When it opened in 2002, Triangle Town Center drew 1,500 shoppers before sunrise, all of them eager to browse the new Hecht’s, gawk at the mall’s 18-foot indoor waterfall and stroll down the artificial river that burbled alongside Ted’s Montana Grill.

Raleigh’s boosters spared no exaggeration when they declared their new retail hub would form a “second downtown” along the Outer Loop, pulling in customers clear to Rocky Mount to the east and Virginia to the north.

Never happened.

A scene at Triangle Town Center in Raleigh on Tuesday, Jan. 13, 2026. The 70-acre property opened in 2002 and initially featured anchor stores Sears, Hudson Belk, Dillard’s and Hecht’s.
A scene at Triangle Town Center in Raleigh on Tuesday, Jan. 13, 2026. The 70-acre property opened in 2002 and initially featured anchor stores Sears, Hudson Belk, Dillard’s and Hecht’s. Travis Long tlong@newsobserver.com

Two decades later, the North Raleigh mall has decayed enough to attract “urban explorers” — amateur filmmakers who post YouTube videos while wandering through abandoned eyesores.

They walk through the ghost town of the outdoor commons, where the only sign of humans is the bedding from a homeless camp, and they point out the plentiful signs of collapse: locked doors and lights out at Orvis, a fire marshal’s notice tacked to the door at Twisted Fork restaurant, and rotting wood at Ted’s.

Inside the mall, Macy’s plans to shut its doors as did Sears. Saks Global filed for bankruptcy earlier this year, leaving Saks Fifth Avenue, one of the mall’s anchors, vulnerable. On Friday, March 6, the company announced it would close the Triangle Town Center location along with 11 others across the country, as part of a focus “to prioritize the best-performing and most desirable locations.”

Meanwhile, the mall’s waterfall is long gone, and a trickle of customers now pass by storefronts offering 70% discounts.

Most telling: The fake river now runs dry.

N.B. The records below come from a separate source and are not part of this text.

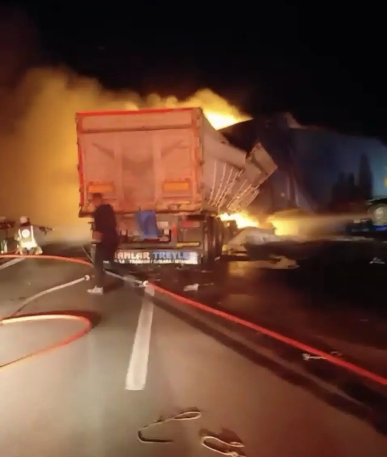 Kaza, gece saatlerinde İzmir-İstanbul Otoyolu’nun İzmir istikametinde, Turgutlu gişeleri Akalan mevkiinde meydana geldi. Edinilen bilgiye göre, aynı yönde seyir halinde olan iki tır henüz belirlenemeyen bir nedenle çarpıştı. Çarpışmanın hemen ardından tırlardan birinde başlayan yangın, kısa sürede diğer tıra da sıçradı.
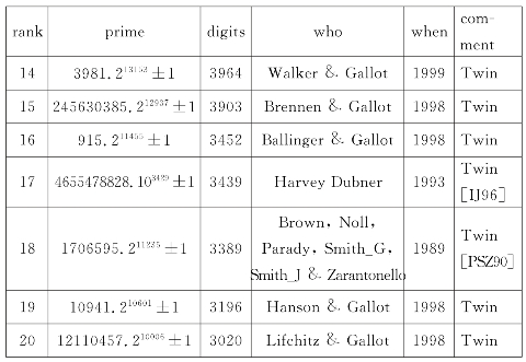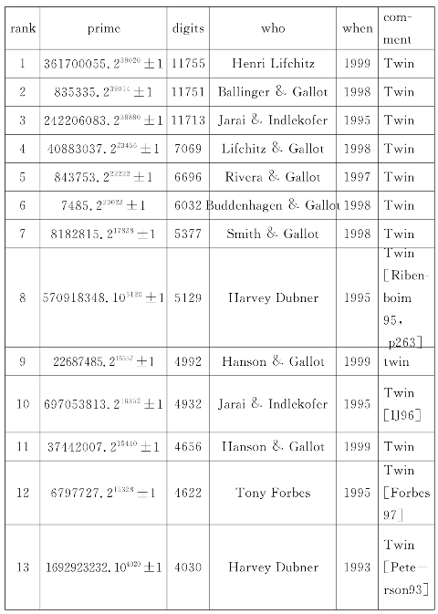 另一种非常重要的是神秘的素数对,或成为孪生素数,孪生素数是指如果p是素数且p+2也是素数,则称p和p+2为一对孪生素数,比如5,7;11,13等等.下表是目前所发现的最大的前二十个孪生素数:
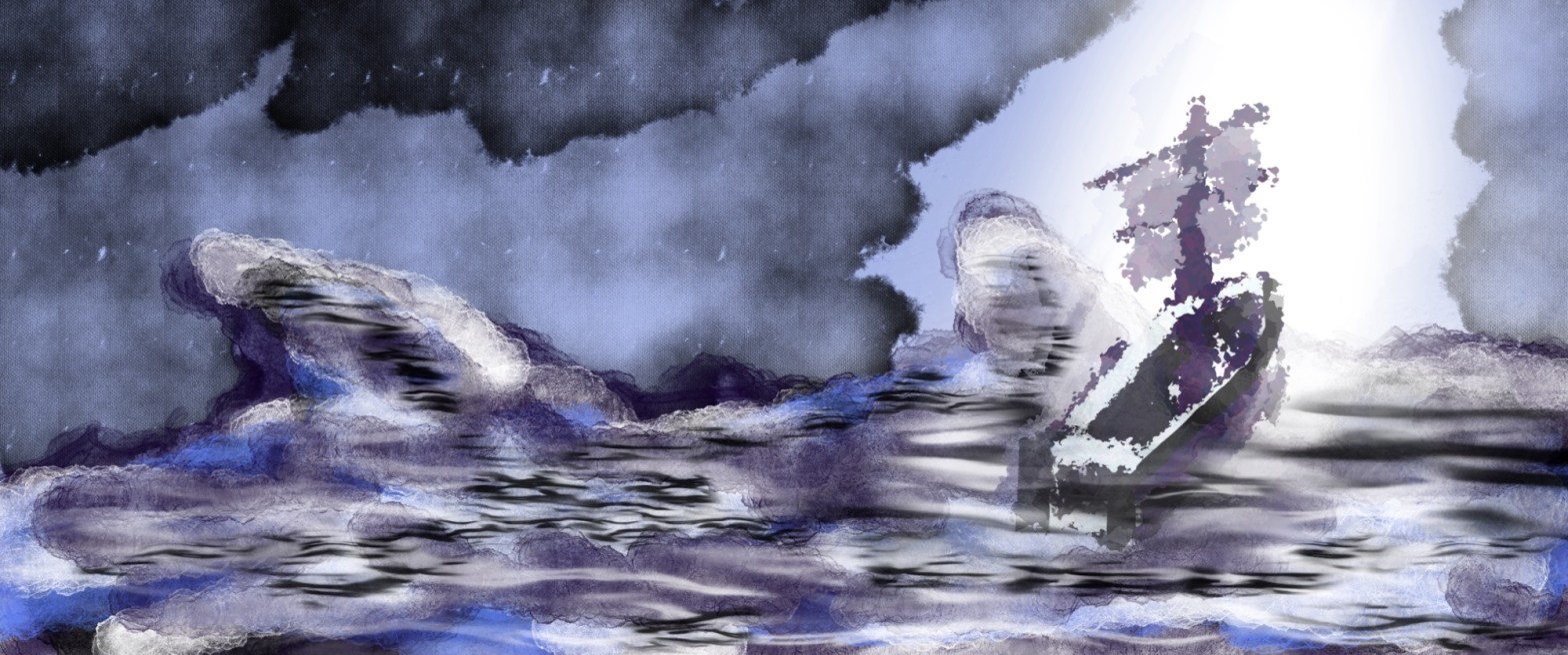 I love the colors in of the boat and sky and sea and the theme of the poem. I’m so grateful God’s hands are on the helm!

“That’s wild, dude,” a YouTuber named Driving Daily noted in his visit last year. “This was a popping area. I’m fascinated by the reality that things can go so fast, right? You got to keep that in mind, obviously be able to pivot in life.”

Closing sale signs hang from the ceiling inside Macy’s at Triangle Town Center on Tuesday, Jan. 13, 2026. Macy’s recently announced the closing of its Triangle Town Center location.
Closing sale signs hang from the ceiling inside Macy’s at Triangle Town Center on Tuesday, Jan. 13, 2026. Macy’s recently announced the closing of its Triangle Town Center location. Travis Long tlong@newsobserver.com

Malls are dying? Not like this

The mall’s failure to meet wild expectations and its steady demise remain a popular conversation in Raleigh, where analysts call it an “outlier.”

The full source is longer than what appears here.